Spicy Miso Ramen with Tofu

Experience the bold flavors of Spicy Miso Ramen with Tofu that will warm your soul! This delicious recipe combines the heartiness of vegetable broth, spicy miso, and tender tofu. Learn how to create a perfect bowl filled with colorful veggies and chewy ramen in just 30 minutes. Ideal for a cozy night in! Click through now to explore the full recipe and add some spice to your meal planning. Enjoy a taste of comfort!

Ingredients
  

4 cups vegetable broth

2 tablespoons miso paste (spicy or regular)

1 tablespoon soy sauce

1 teaspoon sesame oil

1 block firm tofu, drained and cubed

2 servings of ramen noodles

1 cup shiitake mushrooms, sliced

1 cup baby spinach

1 carrot, julienned

2 green onions, chopped

1 teaspoon grated ginger

2 cloves garlic, minced

Chili oil (optional, for extra heat)

Sesame seeds, for garnish

Instructions
 

Prep the Tofu: Start by pressing the tofu between paper towels to remove excess moisture. Cut it into cubes and set aside.

    Sauté Aromatics: In a large pot, heat sesame oil over medium heat. Add grated ginger and minced garlic, stirring for about 30 seconds until fragrant.

      Cook the Vegetables: Add the sliced shiitake mushrooms and julienned carrots to the pot. Sauté for about 3-4 minutes until they start to soften.

        Add Broth and Miso: Pour in the vegetable broth and bring to a simmer. Once simmering, stir in the miso paste and soy sauce until fully dissolved.

          Incorporate Tofu: Gently add the cubed tofu to the broth and simmer for an additional 5-7 minutes, allowing it to absorb the flavors.

            Cook Ramen Noodles: In a separate pot, cook the ramen noodles according to package instructions. Drain and set aside.

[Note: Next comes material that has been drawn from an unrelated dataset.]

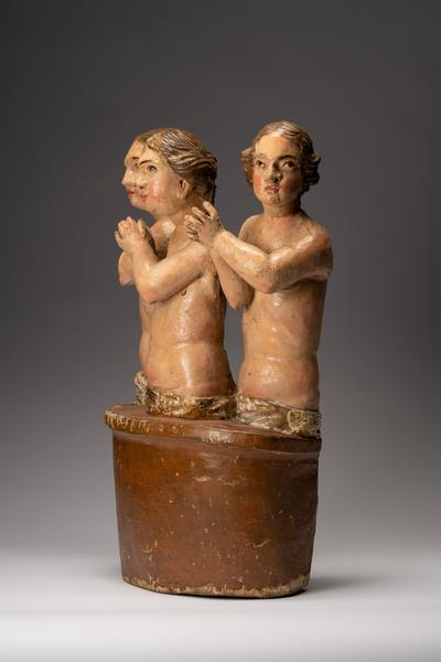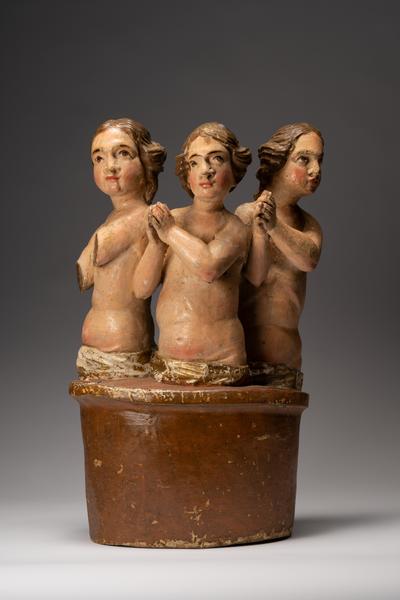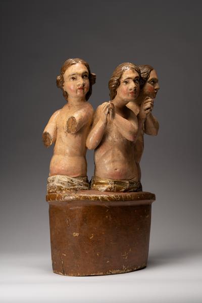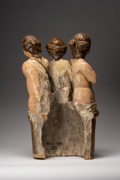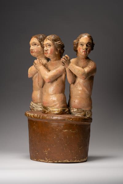 Faith, Hope and Charity are the three Christian virtues Saint Sophia named her children; she brought them up in devoutness and love for God. Faith was twelve years old, Hope was ten, and Charity was nine when they were subjected to terrible tortures for their Christian faith. A cauldron of boiling tar and oil was one of the tortures for young martyr girls. Three children's polychrome figures below the waist are depicted in a cauldron; their hands are prayerfully folded on their chests, which indicates their unquestioning faith. Only loincloths wrapped around the thighs cover the naked bodies of young girls. The master tries to convey the anatomy of children's figures, outlining in smooth lines, lowered shoulders, rounded bellies, and small hands. On their heads are incised strands of dark hair fixed on the back of their heads. Faith, Hope and Charity are not given any individual portrait features. The master depicted each with plump cheeks, a small snub nose, and a wide, tightly closed mouth. The proud glances of the girls are directed upwards. There is readiness for self-sacrifice in their glances. Faith, Hope and Charity were a part of the sculptural composition, which traditionally also included the figure of their mother, Saint Sophia. The work is characterised by softness of forms, emotional balance, and slow dynamism.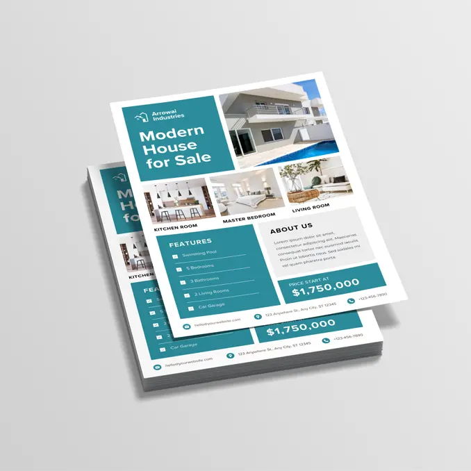 Flyers for independent realtors are an extremely effective but convenient solution to reach new leads. Branded flyers including appealing photos of the house’s exterior, your brand logo and contact details will sure to make lasting impressions. Besides, flyers are easy to read and can be handed out or inserted into mailboxes. Order these professionally designed flyers at an affordable price to grab prospects’ attention instantly. Our full-colour double-sided flyers come in a variety of sizes. Shop now!

              Add Spinach: Stir the baby spinach into the broth just before serving, allowing it to wilt but stay vibrant in color.

                Assemble: In bowls, layer the cooked ramen noodles and ladle the hot broth over them.

                  Garnish and Serve: Top with chopped green onions, sesame seeds, and a drizzle of chili oil for a spicy kick.

                    Prep Time, Total Time, Servings: 15 min | 30 min | 2 servings

                      - Presentation Tips: Serve in deep bowls with a sprinkle of sesame seeds and a few slices of green onion for color. Optionally, add a few chili flakes on top for an extra kick!